In order to better tackle this challenge, we made the strategic decision to retrain the first three layers of the pre-trained AlexNet network. Notably, this choice had a substantial positive impact on the model’s ability to accurately delineate the boundaries of the lesions, as evidenced in our results. Throughout the training process, we retrained the weights of these three layers in addition to the last two layers. In this context, our approach can be described as a dual transfer learning methodology. [7, 27].
Figure 2 depicts the schematic of our CNN model, which utilizes a customized transfer learning scheme. This customization enhances the algorithm’s capability to accurately detect lesions, improves the speed of convergence, and also ensures high model accuracy.
2.3 Dataset
Medical datasets often suffer from unbalanced data, with a much larger number of benign samples than malignant ones. There are several methods to tackle this problem, one of which is random undersampling, as discussed in [24]. This method randomly reduces the number of benign samples to balance the dataset. To increase the number of malignant samples, we combined the image samples from the Complete-MedNode-Dataset.
In the current study, a total of 2541 input images were utilized, comprising 1200 melanoma lesions and 1341 benign mole images. To ensure dataset balance, a reduced number of benign samples were randomly selected [6]. For model evaluation, 762 images (30%) were set aside, while the remaining 1779 images were allocated for model training.

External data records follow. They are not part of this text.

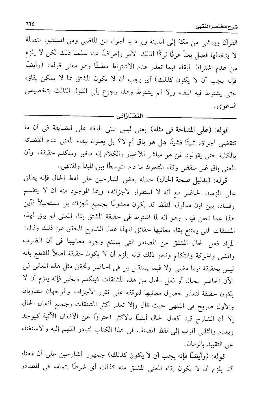 القرآن ويمشى من مكة إلى المدينة ويراد به أجزاء من الماضى ومن المستقبل متصلة لا يتخللها فصل يعدّ عرفًا تركًا لذلك الأمر وإعراضًا عنه سلمنا ذلك لكن لا يلزم من عدم اشتراط البقاء فيما تعذر عدم الاشتراط مطلقًا وهو معنى قوله: (وأيضًا فإنه يجب أن لا يكون كذلك) أى يجبط أن لا يكون المشتق مما لا يمكن بقاؤه حتى يشترط فيه البقاء وإلا لم يشترط وهذا رجوع إلى القول الثالث بتخصيص الدعوى.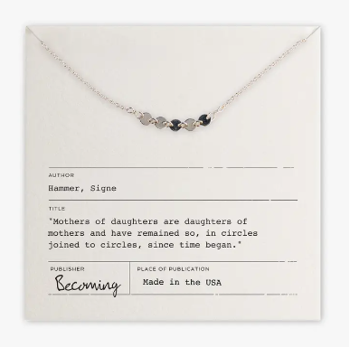 Mothers of daughters are daughters of mothers and have remained so, in circles joined to circles, since time began. -Signe Hamer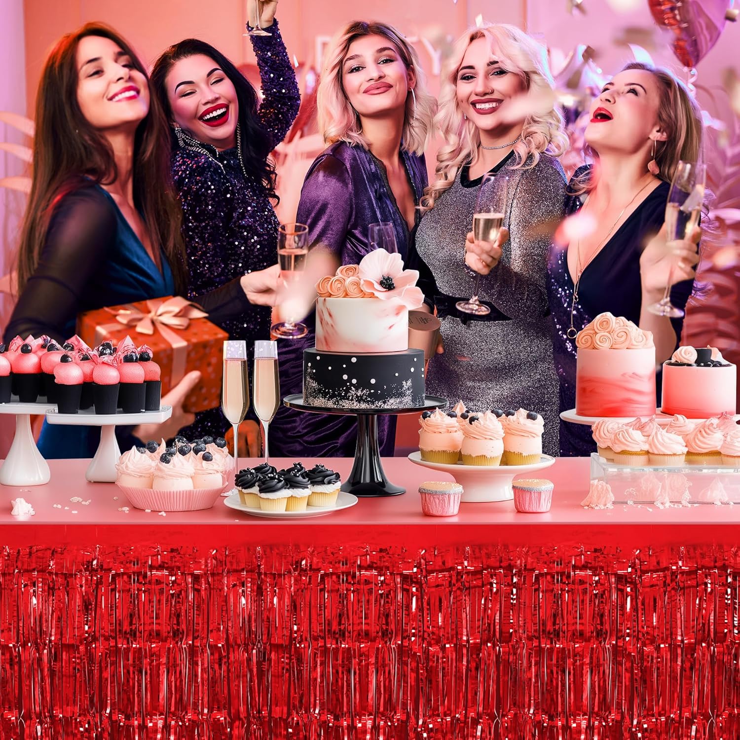 2 Pack Red Table Skirts, 29x108" Metallic Foil Tinsel Fringe Table Skirts for Rectangle Tables Streamer Curtains Backdrop, Party Decorations for Birthdays Weddings Holidays

The image set is from the International Skin Imaging Collaboration dataset (ISIC) [22], which comprises images labeled by various institutions including the Hospital Clinics de Barcelona, Medical University of Vienna, Memorial Sloan Kettering Cancer Center, Melanoma Institute Australia, the University of Queensland, and the University of Athens Medical School.
In addition, other images of benign and malignant have been taken from the Complete-Mednode-Dataset, published by the Department of Dermatology of the University Medical Center Groningen [8]. To conduct the experiments in this study, we combined and balanced the image datasets from these two sources.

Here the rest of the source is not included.